For individual taxpayers, the Code Sec. 199A deduction is not allowed in determining adjusted gross income. Further, it is not an itemized deduction, but it is available to individuals who itemize deductions and to those who claim the standard deduction. However, the deduction amount cannot be more than the taxpayer’s taxable income (reduced by net capital gain) for the tax year.

 

The Code Sec. 199A deduction is similar to the domestic production activities deduction under Code Sec. 199, in that both allow taxpayers to deduct a portion of their "taxable income” if it is less than a portion of their relevant business income. Also, neither deduction can be claimed if the taxpayer has no relevant business income. It is anticipated that the IRS will provide a new worksheet or form for calculating the Code Sec. 199A deduction, similar to Form 8903, Domestic Production Activities Deduction.

 

Example : Bob works as an executive with a large company and earns a W-2 salary of $500,000. In addition, he is the sole owner of an LLC that owns rental real estate. Bob reports net profit from the LLC of $300,000 and has total taxable income of $720,000 (before application of the pass-through deduction). The unadjusted basis of the LLC properties is $1,400,000, and the LLC pays W-2 wages to a property manager of $80,000.

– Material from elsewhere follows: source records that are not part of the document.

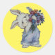 Un adorable conejito que sostiene un ramo de flores aparece en esta pegatina redonda para primavera y Pascua. Utilízala para esos envíos especiales de Pascua, decoración, scrapbooking y más. ¡Colorida y muy linda!
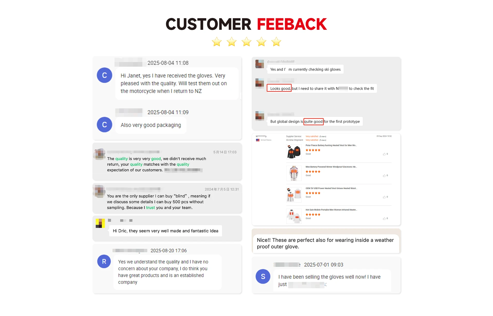 מוצרים עיקרייםכפפות מחוממות, כפפות אופנוע, גרביים מחוממים, בגדים מחוממים, מוצרי קירור
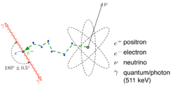 The figure at right shows a positron (e+) emitted from an atomic nucleus together with a neutrino (v). Subsequently, the positron moves randomly through the surrounding matter where it hits several different electrons (e-) until it finally loses enough energy that it interacts with a single electron. This process is called an "annihilation" and results in two diametrically emitted photons with a typical energy of 511 keV each. Under normal circumstances the photons are not emitted exactly diametrically (180 degrees). This is due to the remaining energy of the positron having conservation of momentum.
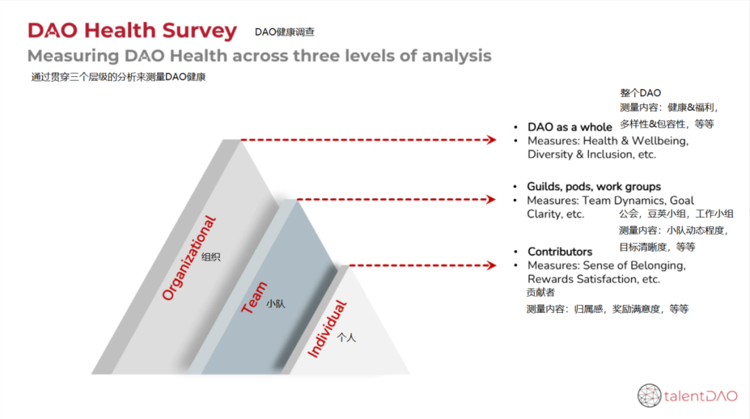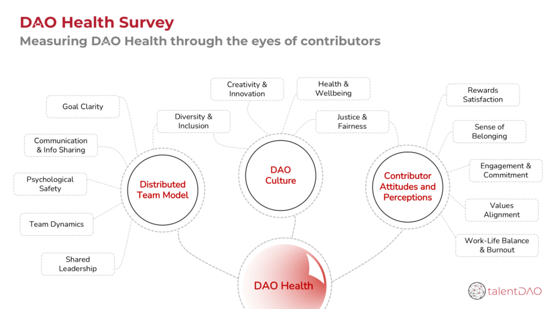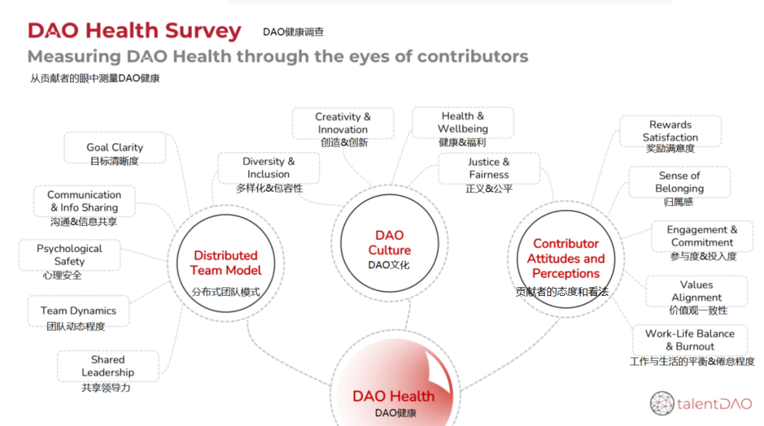 DAO Health Survey 是开源工具,可以在 Github 上找到。随着时间的推移, talentDAO 将进行多项研究以改进此测量工具,并将发布新版本。
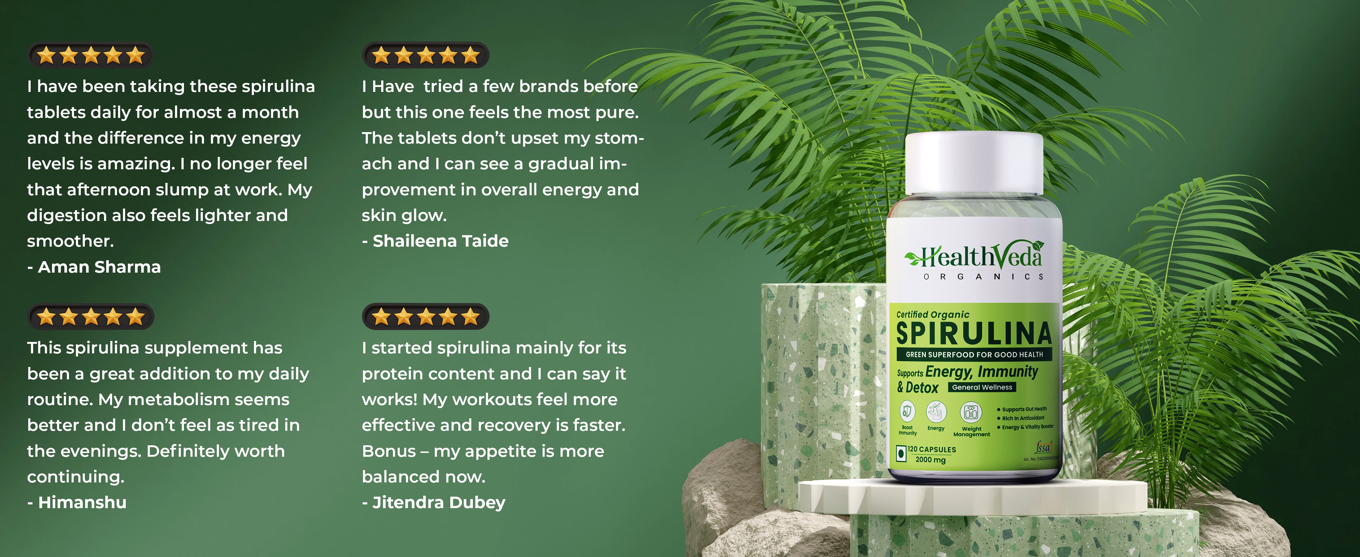 - WEIGHT MANAGEMENT: Health Veda Organics Spirulina Capsules promote optimal weight management as Spirulina fastens the process of breaking carbs into energy and boosts the calorie burn process.

Bob is well beyond the phase-out range, but since LLC is not a specialized service trade or business, he is not precluded from taking the 20% pass-through deduction. Rather, instead of simply applying the deduction to the lesser of eligible business income, or taxable income, less capital gains, we must now incorporate the third test noted above. As a result, Bob’s pass-through deduction will be $55,000, which is the lowest of the following amounts:

1) $60,000, which is 20% of Bob’s eligible business income of $300,000

2) $144,000, which is 20% of Bob’s taxable income of $720,000

3) The greater of:

      1. $40,000, which is 50% of the LLC’s W-2 wages of $80,000
      2. $55,000 which is 25% of the LLC’s W-2 wages of $80,000 plus 2.5% of the $1,400,000 unadjusted basis of the LLC property


Limit on Excess Business Losses for Non-corporate Taxpayers

 

Under the Tax Cuts and Jobs Act, excess business losses of non-corporate taxpayers are not allowed for tax years beginning after December 31, 2017, and before January 1, 2026. Any excess business loss that is disallowed is treated as part of the taxpayer’s net operating loss (NOL) carryover to the following tax year.

 

Non-corporate taxpayers must apply this rule for excess business losses after applying the passive activity loss rules. For partnerships and S corporations, the limit on excess business losses is applied at the partner or shareholder level.

 

Comment: For losses arising in tax years beginning after December 31, 2017, an NOL may generally only reduce 80 percent of taxable income in a carryback or carryforward tax year.

 

An "excess business loss” is the excess, if any, of

(1) the taxpayer’s aggregate deductions for the tax year from the taxpayer’s trades or businesses, determined without regard to whether or not such deductions are disallowed for such tax year under the excess business loss limitation; over

(2) the sum of

(a) the taxpayer’s aggregate gross income or gain for the tax year from such trades or businesses,      plus

(b) $250,000, adjusted for inflation (200 percent of the $250,000 amount in the case of a joint return).

 

The $250,000 amount is adjusted for inflation for tax years beginning after December 31, 2018.